DancerLife: A Man, A Plan, A … Well, Kind Of A Plan, IDK

Today’s episode of Danseur Ignoble is brought to you by the famous palindrome, “A MAN, A PLAN, A CANAL: PANAMA.” Which, to be fair, only works properly if you don’t consider the punctuation when reversing it, in which case you’d get “.AMANAP :LANAC A ,NALP A ,NAM A” thus utterly defeating the entire point of palindromes in the first place. Also, full disclosure: at the moment, as far as I know, there isn’t a canal in my plan.

I wrote recently about how planning to eat is a good idea, and how the #dancerlife can make that challenging, etc.

Anyway, now that the season is looming into sight (OH LORD, MAKE HASTE TO HELP US, etc) and I’ve done the fun part of being a responsible adult danseur (New tights! New shoes! New … dance belts. Yeah, well, it can’t all be that exciting.), I’m on to doing the hard part.

Or, well, the part that’s hard for me.

Which is planning.

Anyway, in the spirit of continuing to explore the vagaries of #dancerlife in ways that might potentially be useful to other people, today we’ll take a brief look at my planning process (HA! I’m not sure it qualifies as a process, tbh.)

I find it really helpful to create a broad visual guide to my week: a kind of general picture of how things are likely to look, knowing that they’re going to be different sometimes.
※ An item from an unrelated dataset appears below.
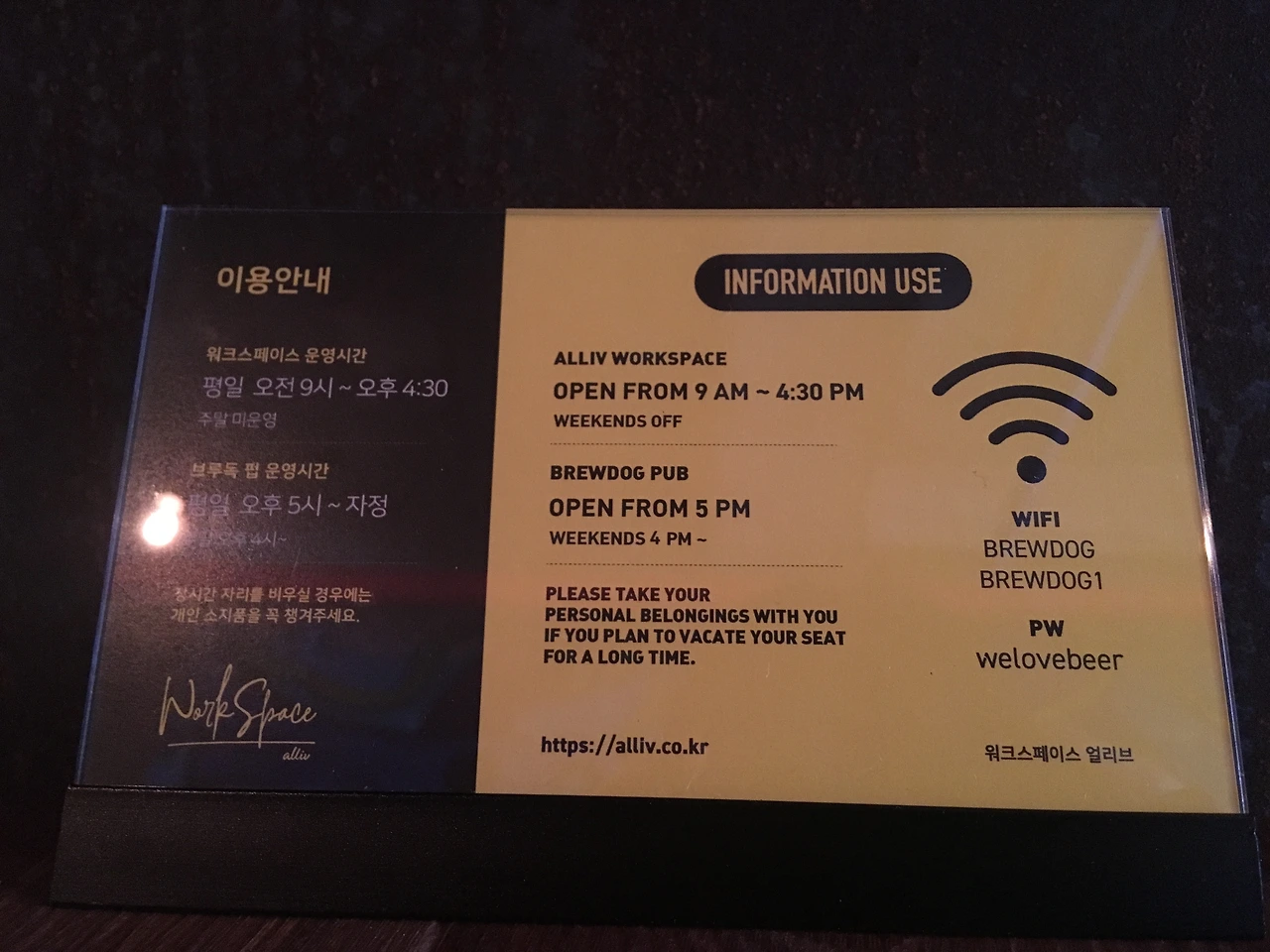 얼리브 라운지의 맥주는 어메이징 브루잉 컴퍼니의 맥주를 받아 사용하고 있으며, 일주일 전 오픈한 얼리브워크스페이스, 브루독 이태원점은 밤에만 운영하는 브루독의 유휴공간을 활용한 코워킹스페이스 이다.

Because I’ll take 6,000,000 years to finish it if I try to do it by hand, I typically just create a table in Google Docs.
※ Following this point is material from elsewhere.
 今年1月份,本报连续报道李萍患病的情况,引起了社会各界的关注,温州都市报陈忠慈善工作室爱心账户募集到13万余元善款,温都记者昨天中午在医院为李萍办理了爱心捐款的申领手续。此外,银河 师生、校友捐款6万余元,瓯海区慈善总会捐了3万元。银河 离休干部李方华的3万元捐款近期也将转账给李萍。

Here, for your edification, is a screenshot of said table as it currently stands:

I like to assume that I’m an idiot and address myself accordingly in the notes. I’m not, in fact, actually an idiot in a general sense, but I’m TERRIBLE at imagining time, and reminding myself to “Eat breakfast. SERIOUSLY. EAT BREAKFAST.” is a good idea.

My teaching schedule (thus far) includes Monday evenings (useful, since my teaching job is more or less halfway between home and Lexington) and Wednesday evenings, and my Wednesday class is late enough to allow me to take an extra class in Lexington on Wednesday evening.

I’m deeply grateful that I won’t be trying to jet out to Frankfort to teach at 5:15, or 5:30, after rehearsal. Yes, it bought me some time to play around in the studio, but it also made it really hard to figure out when I to eat dinner.

Though I’m not sure yet whether this strategy will work, my current plan for Wednesday is to eat a reasonably substantial meal between Rehearsal Block B and Evening Class, then a snack/mini-meal on the way home from teaching. That should prevent me from wanting to murder anyone in the interval.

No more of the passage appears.